Il volto di Rupert si accese per l’ira e di nuovo si rivolse a Buffy. “Mi hai molto deluso. Stai scherzando con il fuoco. Spike è troppo grande per te e se non stai attenta finirai per esserne ferita- Non credo che tu voglia correre un tale rischio solo per farmi fare quello che vuoi. Vai di sopra, da brava, e fai la valigia così ti riaccompagno a casa tua.”

“Se Spike è troppo grande per me, allora tu sei troppo vecchio per Anya”, gli rispose lei ferma. “Finché insisterai nel vederla io intendo rimanere qui con Spike.”

Rupert imprecò, alzandosi in piedi. “Non permetto a nessuno di disporre della mia vita, tanto meno a mia figlia. Me ne vado senza di te. Vorrà dire che tornerò a prenderti quando avrai ritrovato la ragione.”
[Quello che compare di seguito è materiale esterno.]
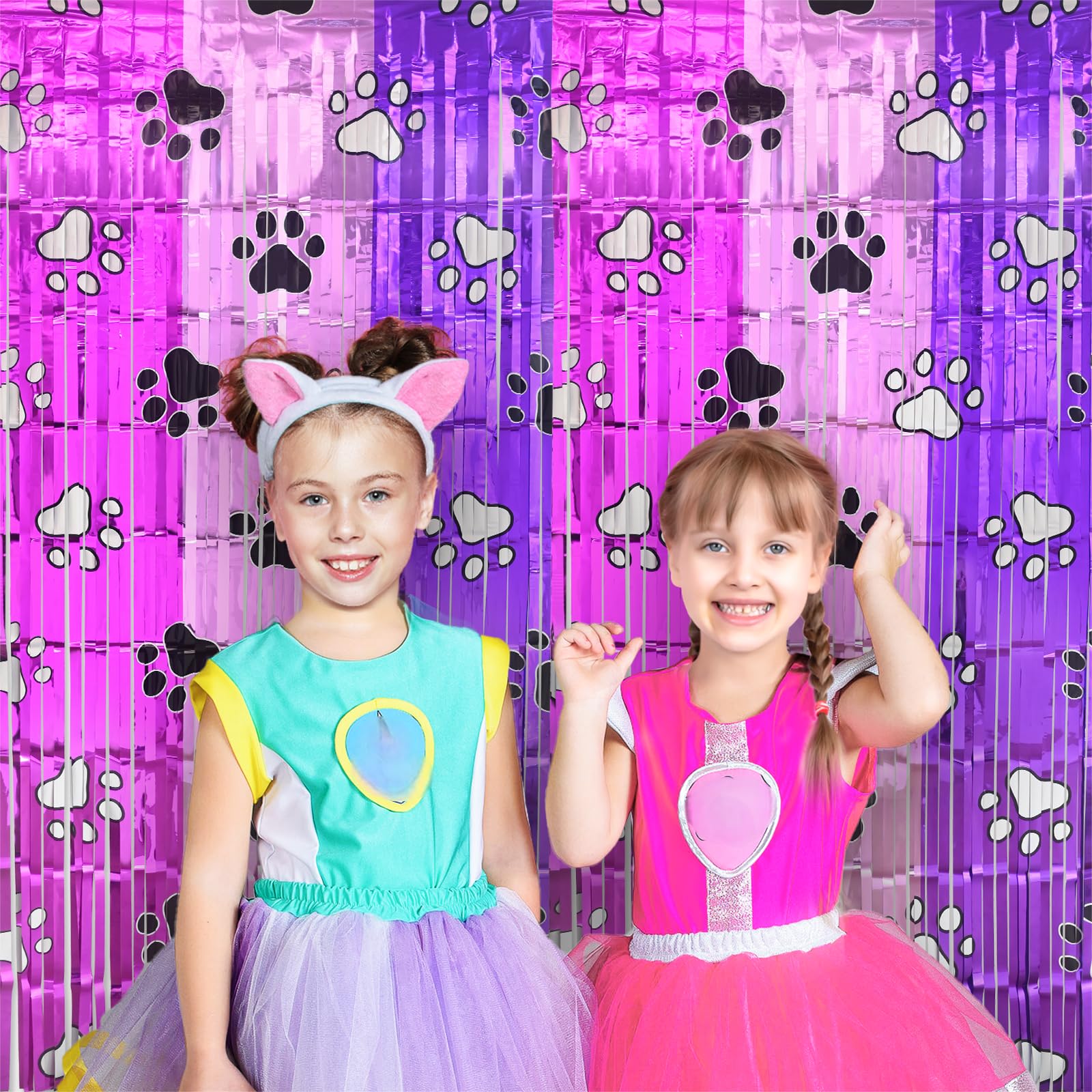 πΎγ PAW BIRTHDAY DECORATIONS γ: 2 packs of girl paw pattern tinsel foil fringe curtains, extra large size (width x drop) 3.3 x 6.6 ft each, perfect for girl paw birthday party photo backdrop.

Così uscì dalla casa sbattendosi la porta alle spalle.

Buffy si rivolse malinconicamente a Spike: “Temo di averti incastrato per qualche tempo, cioè fino a quando mio padre non avrà cambiato idea. Non ti darò fastidio, vedrai. Grazie per aver detto quella cosa sull’essere attratto da me, hai reso tutto molto più convincente.”

“Ho parlato onestamente, dolcezza, perciò non commettere l’errore di crederti al sicuro, qui con me”, mormorò lui, gli occhi azzurri illuminati da una fiamma di desiderio mentre accarezzavano dolcemente il corpo di lei. “Ricorda quel che ti ho detto ieri sera: desidero fare l’amore con te e, se vuoi conservare la tua verginità, comincia a indossare qualcosa di meno provocante di quella camicia. Sono un uomo, non un santo, e non so per quanto tempo potrò resistere alla tentazione. Stai attenta, te lo ripeto per l’ultima volta.”

Senza preavviso allungò le mani e le accarezzò il seno palpitante. Gli occhi azzurri si strinsero in due sottili fessure. Lei rimase senza fiato per alcuni secondi, senza riuscire a muoversi. Poi, con un piccolo grido di terrore, si liberò e corse verso la sua camera.

Con il respiro irregolare si appoggiò alla parta chiusa. Spike era stato anche troppo chiaro. E lei aveva capito alla perfezione, senza ombra di dubbio.